- _How to complete this task_: Verbatim copy without images: return all of the data as it stands.

══════

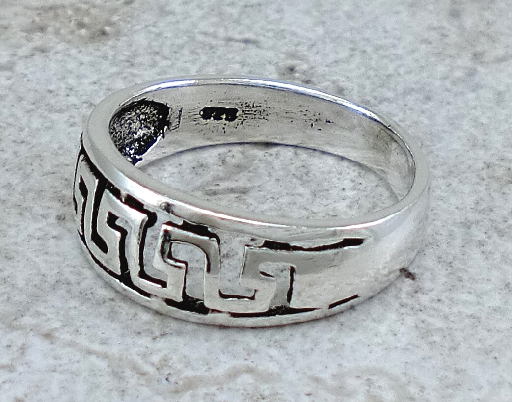 UNIQUE .925 STERLING SILVER GREEK KEY BAND RING size 7 style r3006
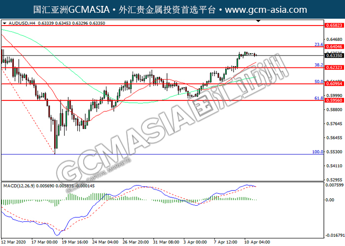 AUDUSD,H4:澳美突破后持续上行,目前靠近前期压力。然而,MACD多头动能略减,短期可关注技术性回调。上方关注0.6405压力和0.6580压力,下方关注0.6230支撑和0.6095支撑。
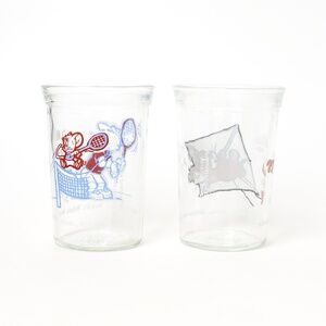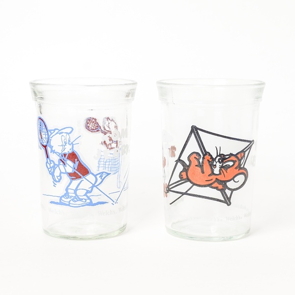 Tom & Jerry Vintage Glass Welchs Tennis Kite Flying Pair of 2
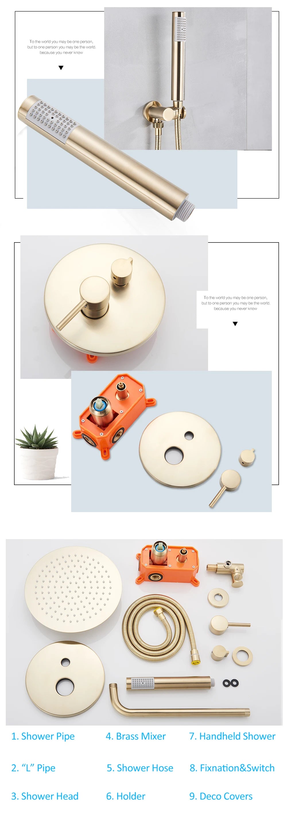 Brushed Gold Shower Faucets Set Rainfall Shower System Concealed Hot Cold Water Mixer Tap Bathroom Round Shower Faucet
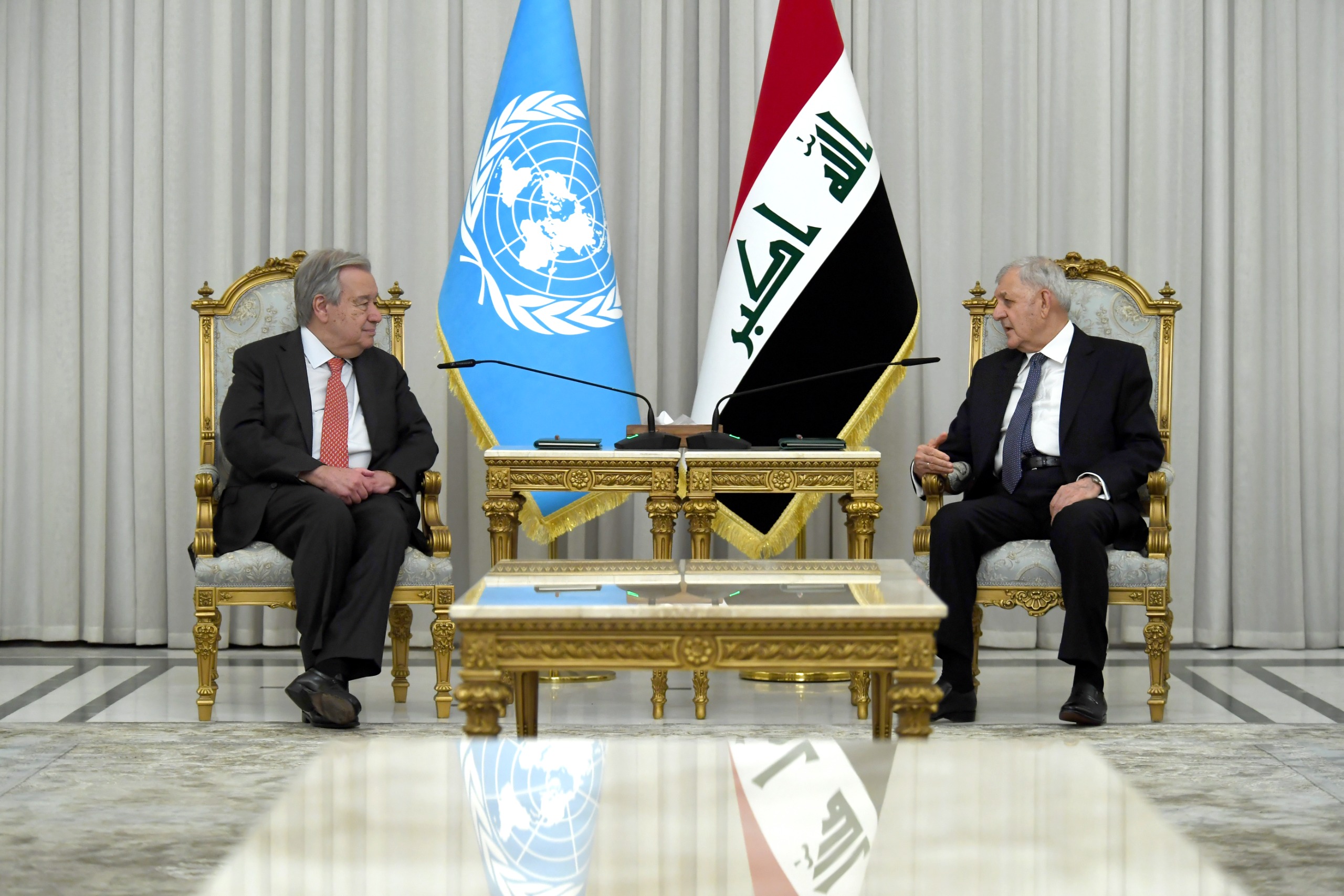 وفي مستهل اللقاء ثمن رئيس الجمهورية الدور البارز الذي اضطلع به غوتيريش في دعم العراق ومساندته خلال مختلف المراحل، وحرصه المستمر على تعزيز التعاون بين العراق والمنظمة الدولية.
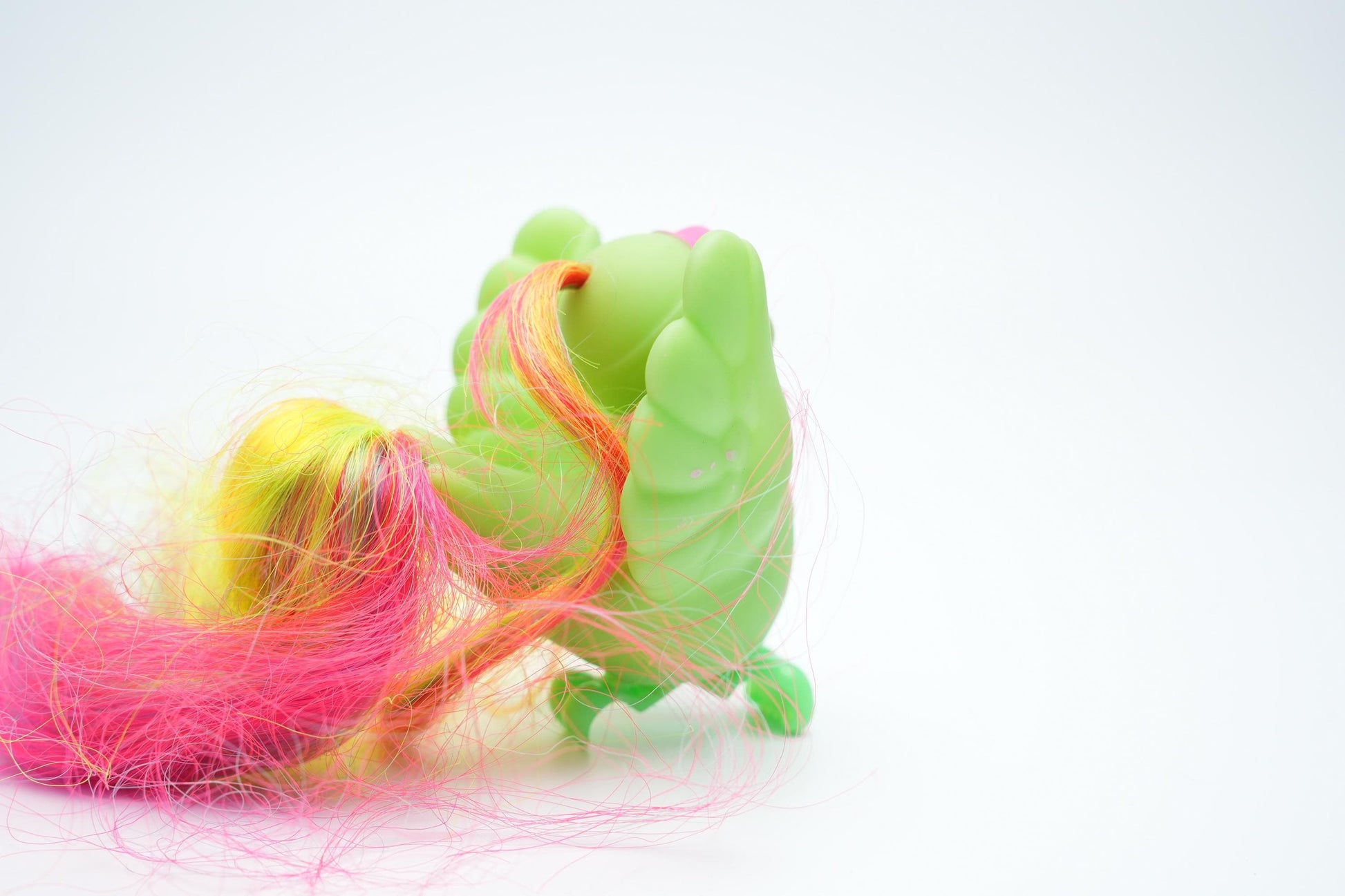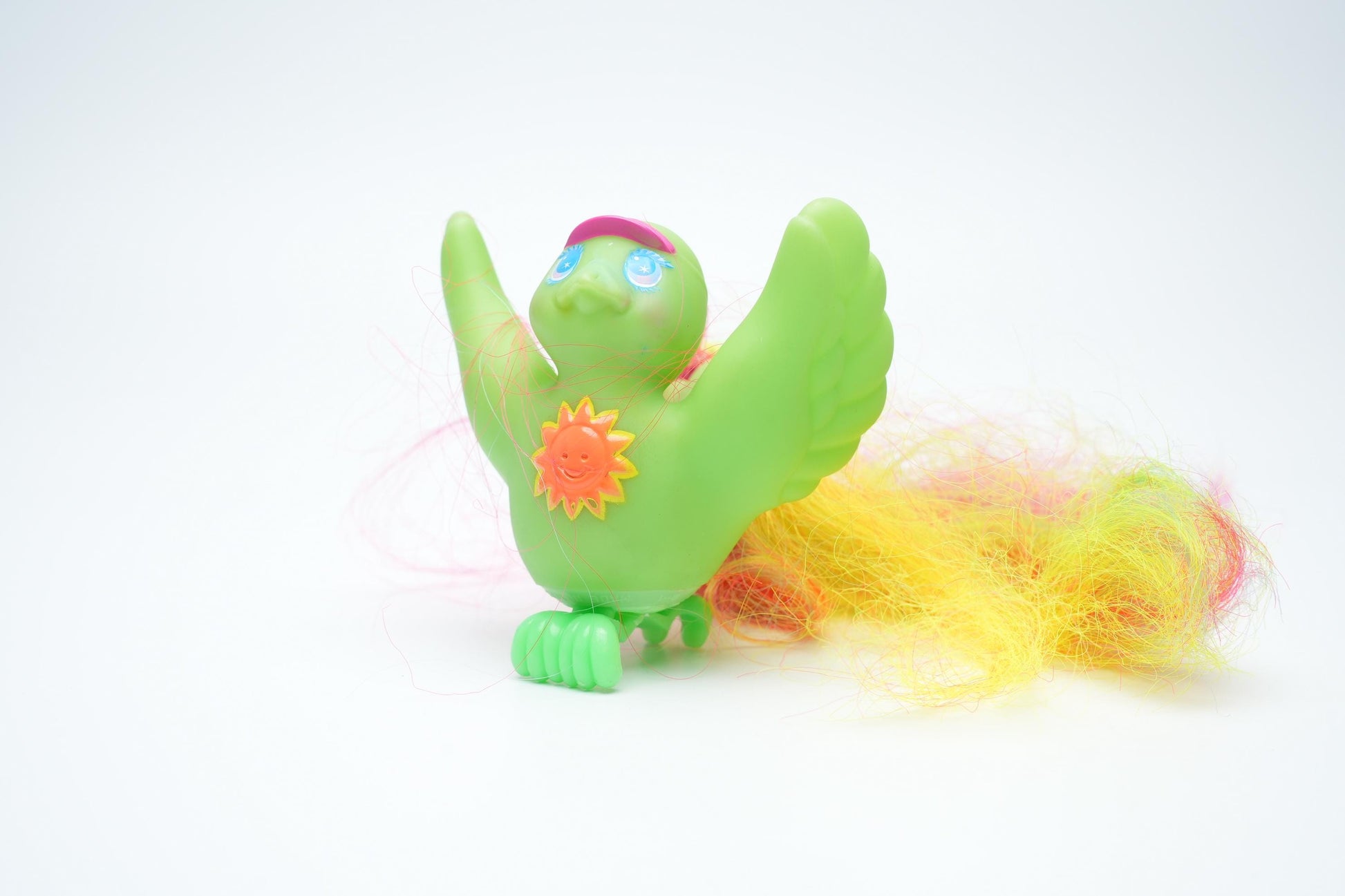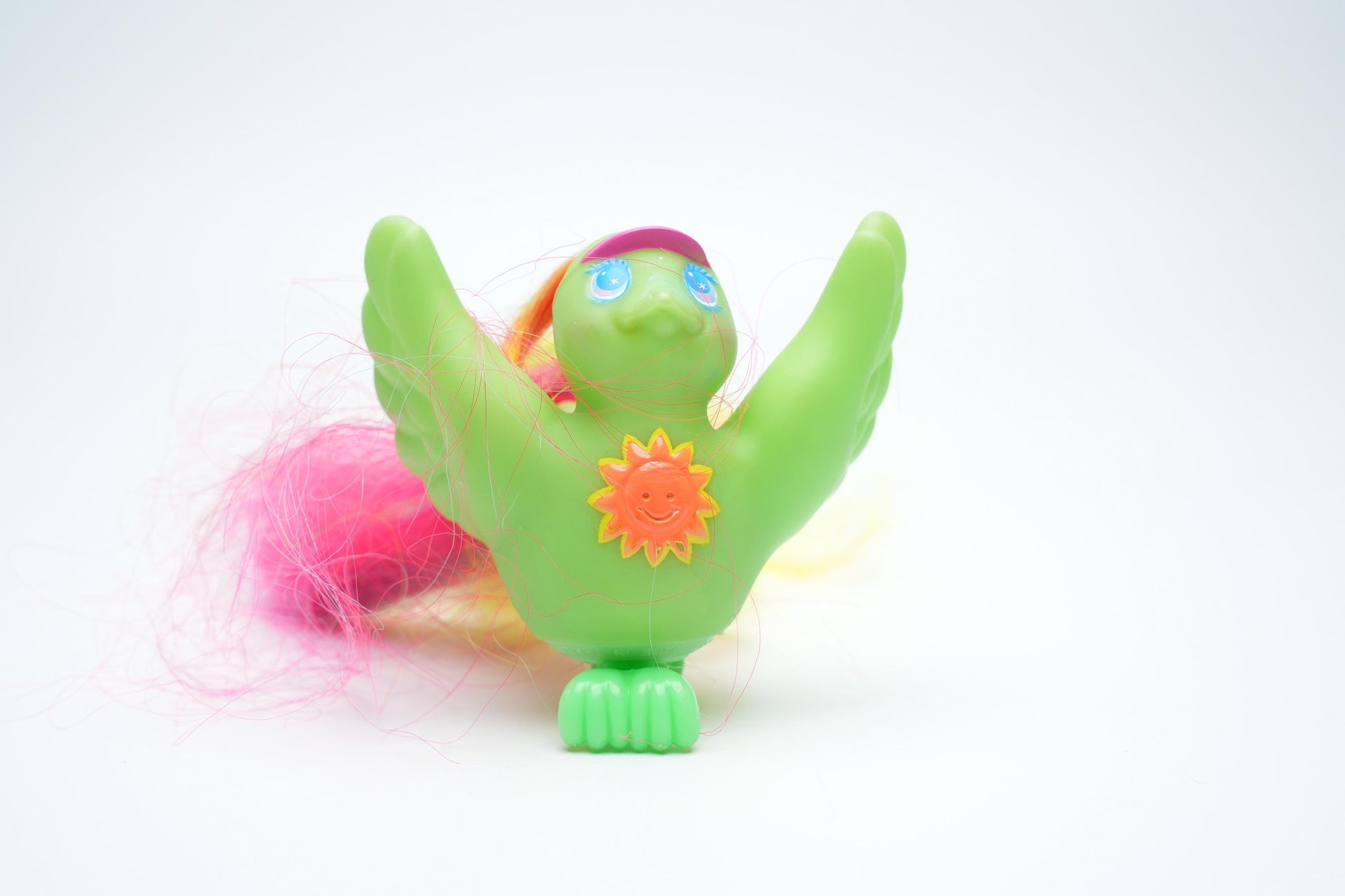 Beleef de nostalgie met deze charmante 'Fairy Tail Bird' uit de jaren 1986-1987 van Hasbro. Deze prachtige vogel is uitgevoerd in een levendig groen met neonroze en gele veren, die elk kinderhart sneller doen kloppen.
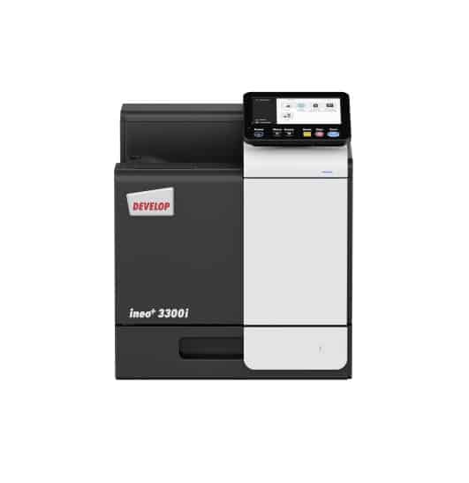 Model Develop ineo+ 3300i to kolorowa drukarka sieciowa A4, oferująca doskonałą jakość wydruku, automatyczny dupleks i kompaktowe wymiary.

══════

- _Answer box_:
 UNIQUE .925 STERLING SILVER GREEK KEY BAND RING size 7 style r3006
 AUDUSD,H4:澳美突破后持续上行,目前靠近前期压力。然而,MACD多头动能略减,短期可关注技术性回调。上方关注0.6405压力和0.6580压力,下方关注0.6230支撑和0.6095支撑。
 Tom & Jerry Vintage Glass Welchs Tennis Kite Flying Pair of 2
 Brushed Gold Shower Faucets Set Rainfall Shower System Concealed Hot Cold Water Mixer Tap Bathroom Round Shower Faucet
 وفي مستهل اللقاء ثمن رئيس الجمهورية الدور البارز الذي اضطلع به غوتيريش في دعم العراق ومساندته خلال مختلف المراحل، وحرصه المستمر على تعزيز التعاون بين العراق والمنظمة الدولية.
 Beleef de nostalgie met deze charmante 'Fairy Tail Bird' uit de jaren 1986-1987 van Hasbro. Deze prachtige vogel is uitgevoerd in een levendig groen met neonroze en gele veren, die elk kinderhart sneller doen kloppen.
 Model Develop ineo+ 3300i to kolorowa drukarka sieciowa A4, oferująca doskonałą jakość wydruku, automatyczny dupleks i kompaktowe wymiary.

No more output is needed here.